Figure 7: Representation of attention patterns in the English to French translation task. Each pixel indicates the relevance of the input at position j to generate the output at position i. Brighter pixels indicate more importance. Adapted from Bahdanau, Cho, and Bengio (2014).

Although this mechanism gave improved results on the task of machine translation, especially when it comes to the translation of longer sequences, the problem was that it introduced additional computational complexity because it requires the calculation of the attention strength, i.e. the annotation weights as it was called in the original work, for all words from the output sequence (Bahdanau et al. 2014).

Figure 8: Architecture of the attention mechanism introduced by Bahdanau et al. (2014).

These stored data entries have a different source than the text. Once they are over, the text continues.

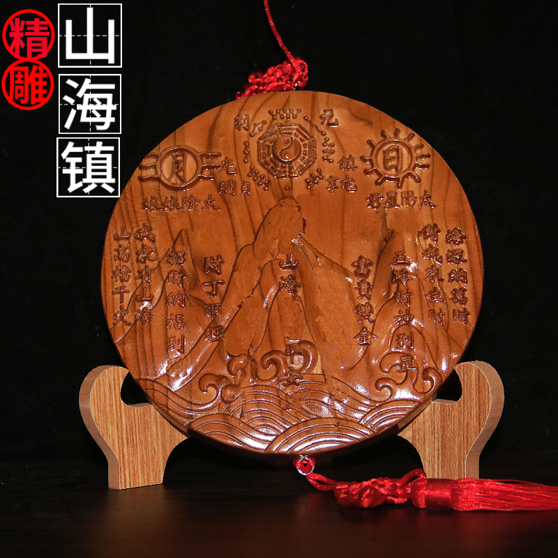 正宗桃木立體山海鎮八卦鏡掛件擺件玄關客廳室內室外家居增旺房屋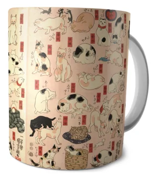 Kubek 55 kotów reprezentujących pięćdziesiąt trzy stacje Tokaido Utagawa Kuniyoshi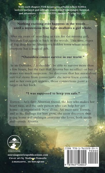 Nothing exciting ever happens in the woods... until a mysterious blue light swallows a girl whole. After six years of searching in vain for the missing girl, Arisanna Lunagarde is back in the woods. This time, ropes of fog drag her to Alterria-a hidden town where nearly everyone has a magical gift. "Outsiders cannot survive in our world." As an Outsider, Ari shouldn't be able to survive more than a few hours, but the fact that Alterria has no effect on her draws too much suspicion. Ari discovers that her miraculous survival stems from connections she never knew existed, and as her own gift appears, those connections paint a target on her back. "I was supposed to keep you safe." Torren-Ari's first Alterrian friend, the boy who makes her heart race, and the only person who can help her get home-is imprisoned. Now alone, Ari must save Torren, and as her feelings for him grow, she soon discovers that going home will endanger everyone she loves, both inside and outside Alterria.
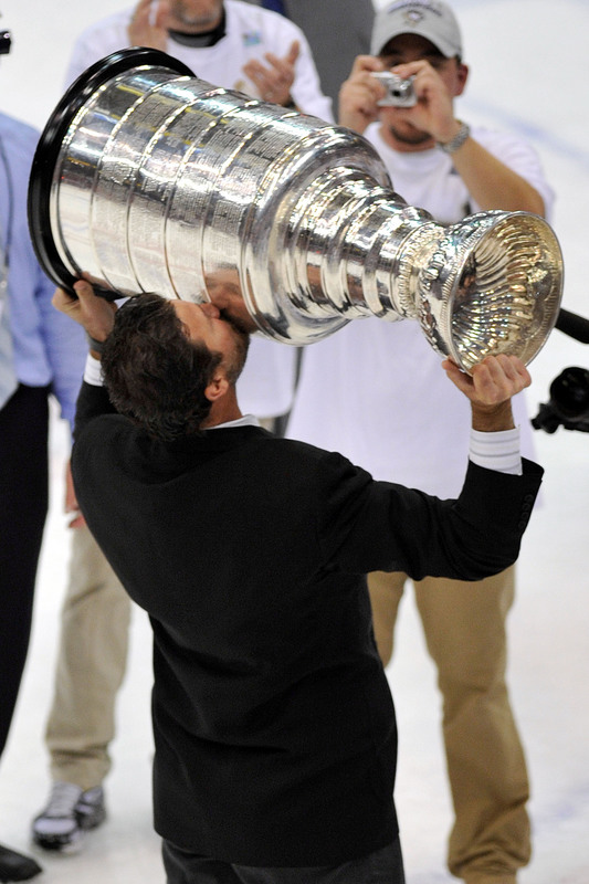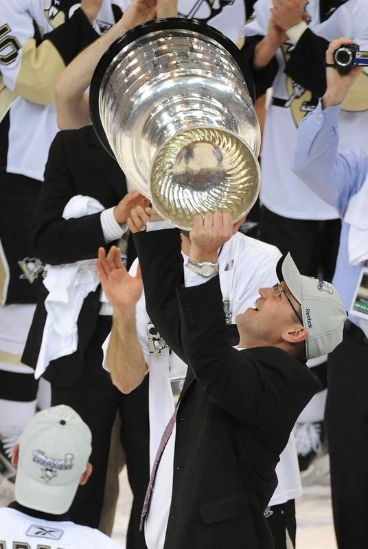 DETROIT - JUNE 12: Head coach Dan Bylsma of the Pittsburgh Penguins celebrates with the Stanley Cup after defeating the Detroit Red Wings by a score of 2-1 to win Game Seven and the 2009 NHL Stanley Cup Finals at Joe Louis Arena on June 12, 2009 in Detroit, Michigan. (Photo by Harry How/Getty Images)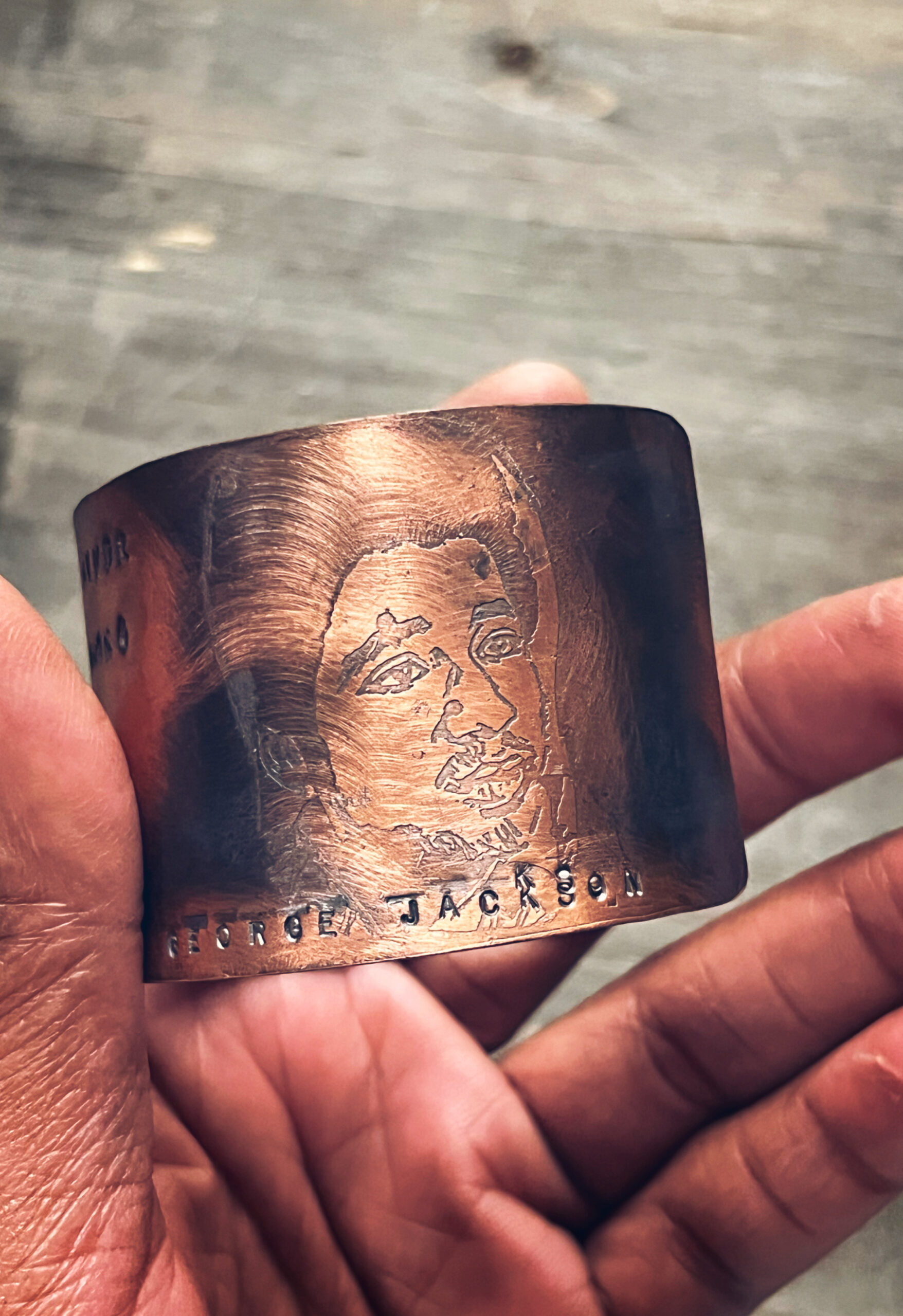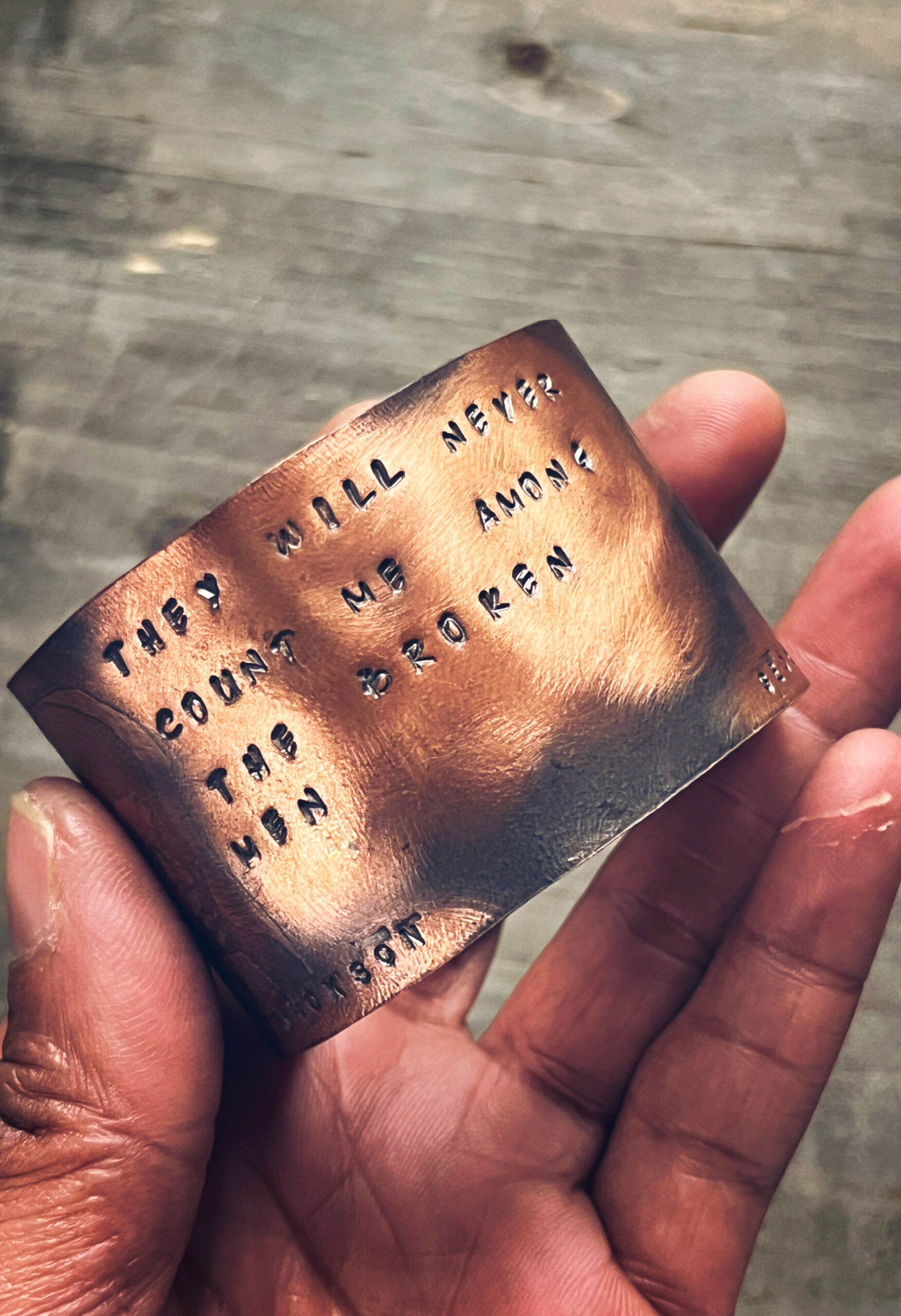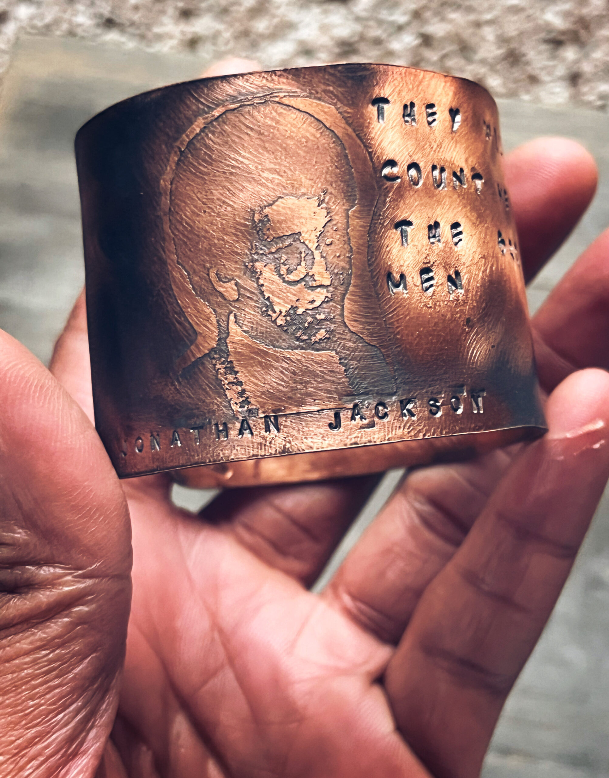 The Warrior Series honors revolutionary African and Black American ancestors who stood fiercely and unapologetically for their people. These pieces pay tribute to uncompromising warrior-elders, leaders, educators, and freedom fighters whose strength, wisdom, and courage shaped history. Each cuff bracelet features hand-etched imagery, permanently engraved into copper, brass, bronze or crafted in sterling silver. Hand stamped is a quate from George Jackson and it reads…. “They will never count me among the broken men”.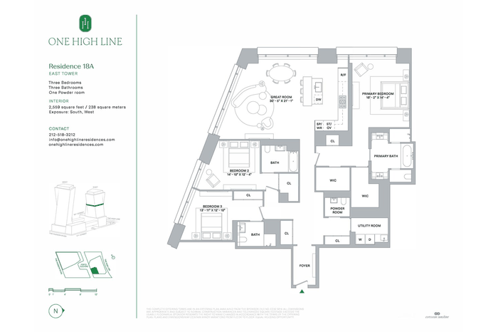 East 18A at One High Line is a 2,559 2 SF three-bedroom and three-and-a-half-bathroom residence curated by Gilles & Boissier, boasting Hudson River. Residence 19A features southern and western exposure overlooking the Hudson River and receiving an abundance of natural light throughout the day.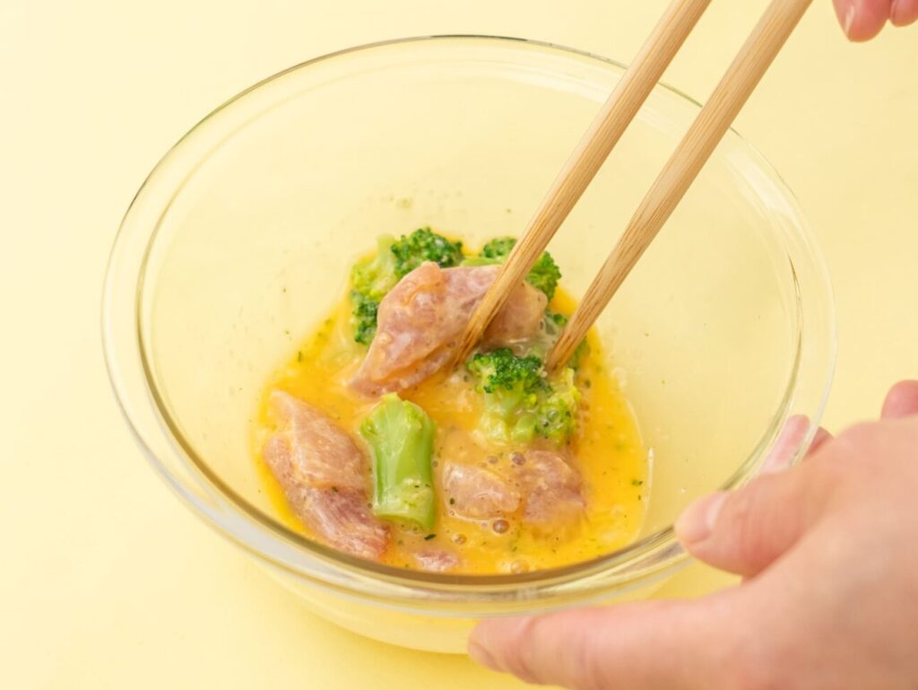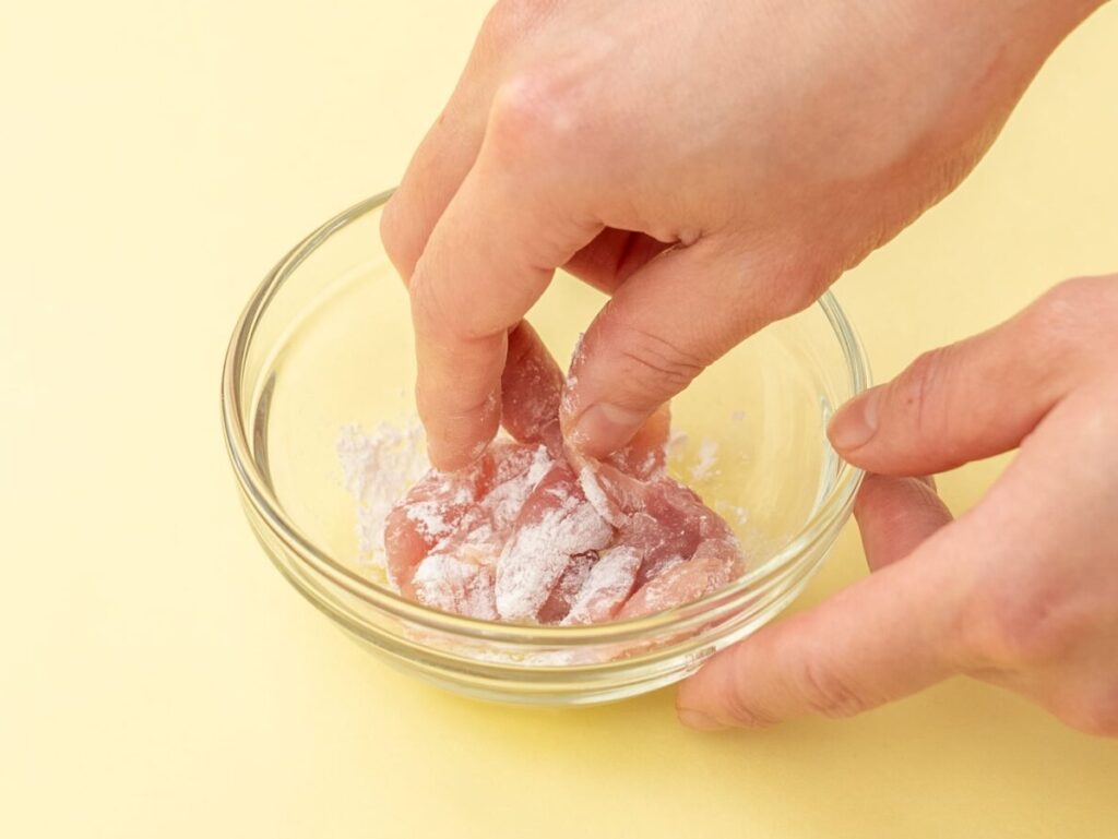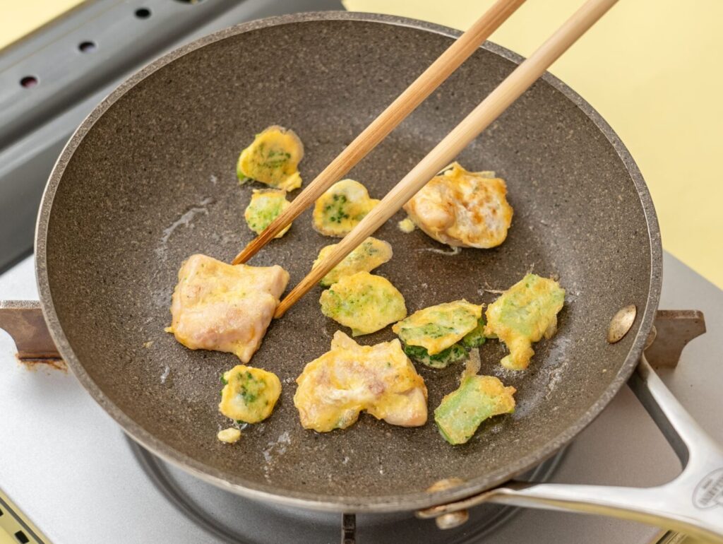 鶏もも肉は5〜6mm厚さのそぎ切りにして、塩をふって小麦粉をまぶす。ブロッコリーはやわらかくゆで、食べやすい大きさに切る。

The attention mechanism is the key component of the transformer architecture and forms the foundation of modern large language models. The transformer presented by Vaswani et al. (2017) eliminated recurrent layers, enabling a high level of parallelization. This solved the problem of sequential computation of attention weights. In addition to cross-attention, the mechanism where the decoder uses the representations generated by the encoder to produce the most relevant outputs, the authors also introduced a self-attention mechanism that allows words within the same sequence to exchange information and establish mutual relationships. Through this mutual exchange of information between tokens via the attention mechanism, rich context-aware representations are created, providing an excellent basis for numerous tasks in natural language processing, such as language modeling, text classification, named entity recognition, and others.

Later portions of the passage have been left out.